=== Problem ===
From the entries below, reproduce exactly the lines from the one with "Questo tavolo consolle" through the one with "Mエンデュランスチェーンは、", both included, without images.

=== Information shown ===
[Start of section]

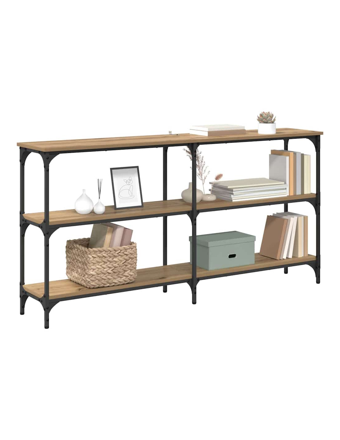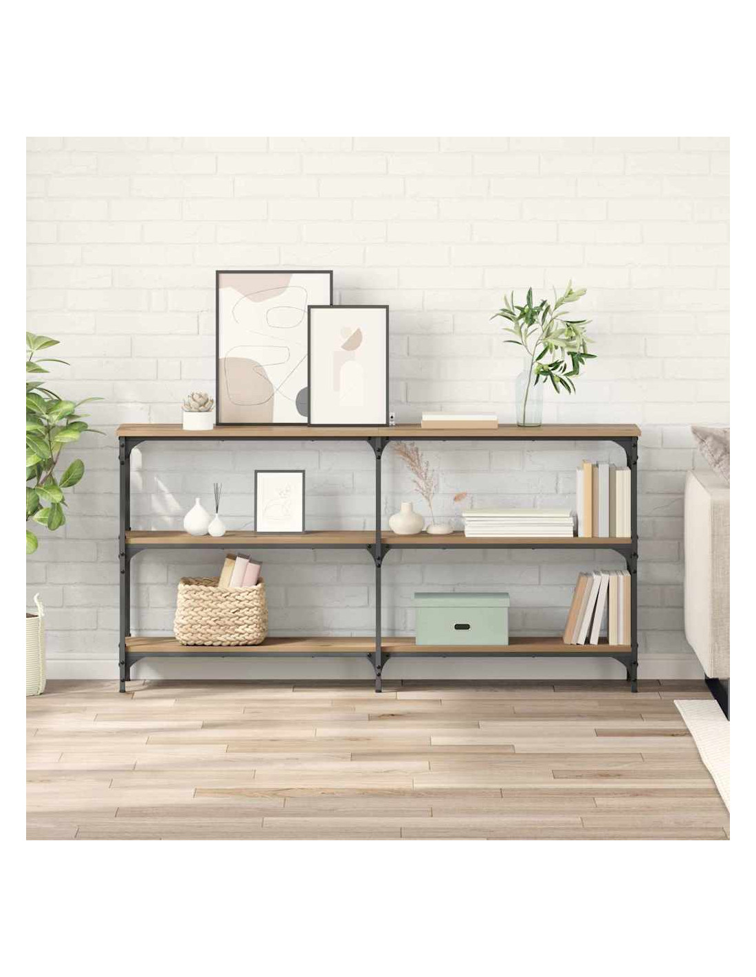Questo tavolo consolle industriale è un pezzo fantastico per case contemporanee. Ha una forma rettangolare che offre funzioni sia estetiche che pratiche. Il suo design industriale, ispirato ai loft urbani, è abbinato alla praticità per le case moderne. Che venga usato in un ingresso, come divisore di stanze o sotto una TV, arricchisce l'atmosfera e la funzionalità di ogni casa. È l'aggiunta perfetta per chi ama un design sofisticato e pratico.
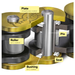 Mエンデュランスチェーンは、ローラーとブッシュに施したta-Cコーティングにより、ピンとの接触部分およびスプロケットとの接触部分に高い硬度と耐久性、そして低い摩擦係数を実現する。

[End of section]
[Start of section]

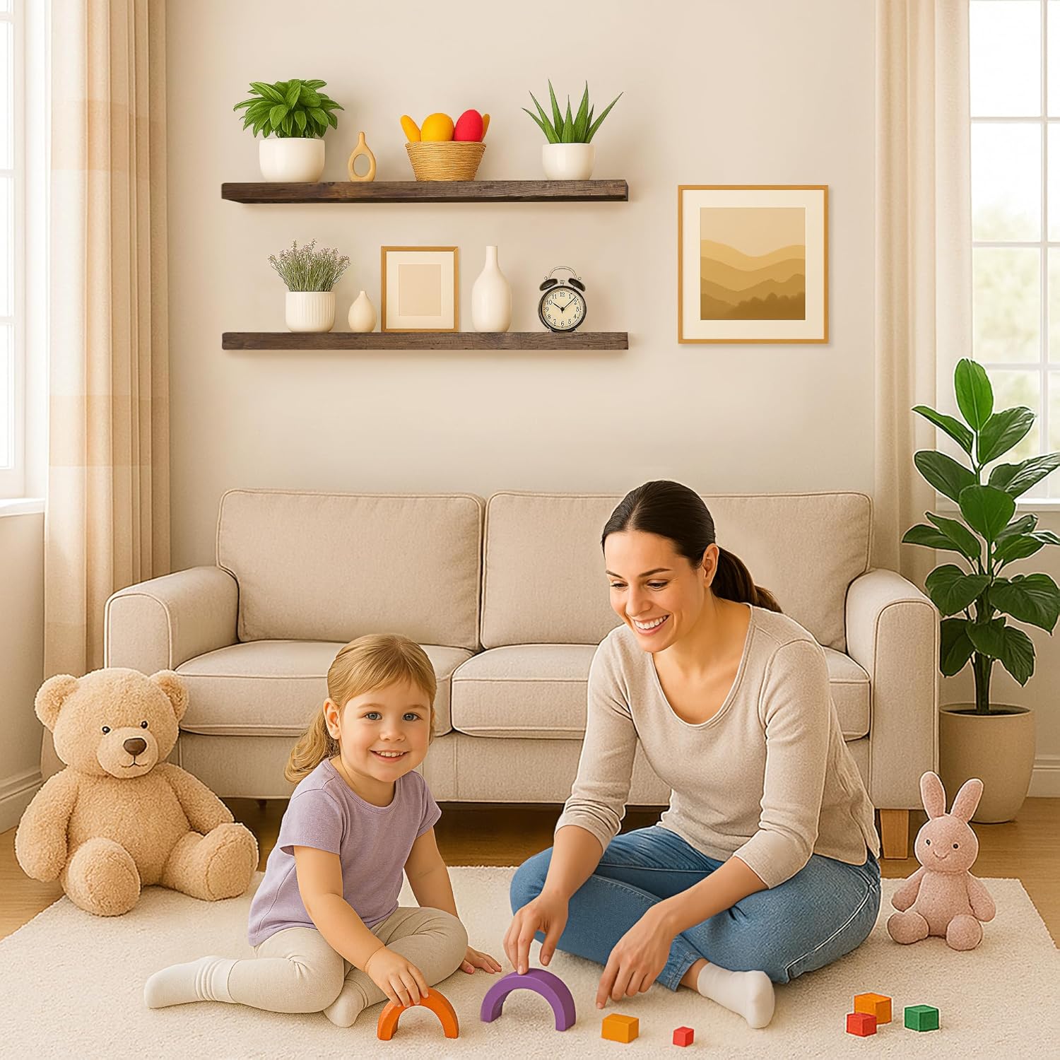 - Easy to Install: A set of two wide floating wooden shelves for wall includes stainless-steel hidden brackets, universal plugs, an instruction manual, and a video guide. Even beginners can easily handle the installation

[End of section]

=== Response ===
Questo tavolo consolle industriale è un pezzo fantastico per case contemporanee. Ha una forma rettangolare che offre funzioni sia estetiche che pratiche. Il suo design industriale, ispirato ai loft urbani, è abbinato alla praticità per le case moderne. Che venga usato in un ingresso, come divisore di stanze o sotto una TV, arricchisce l'atmosfera e la funzionalità di ogni casa. È l'aggiunta perfetta per chi ama un design sofisticato e pratico.
 Mエンデュランスチェーンは、ローラーとブッシュに施したta-Cコーティングにより、ピンとの接触部分およびスプロケットとの接触部分に高い硬度と耐久性、そして低い摩擦係数を実現する。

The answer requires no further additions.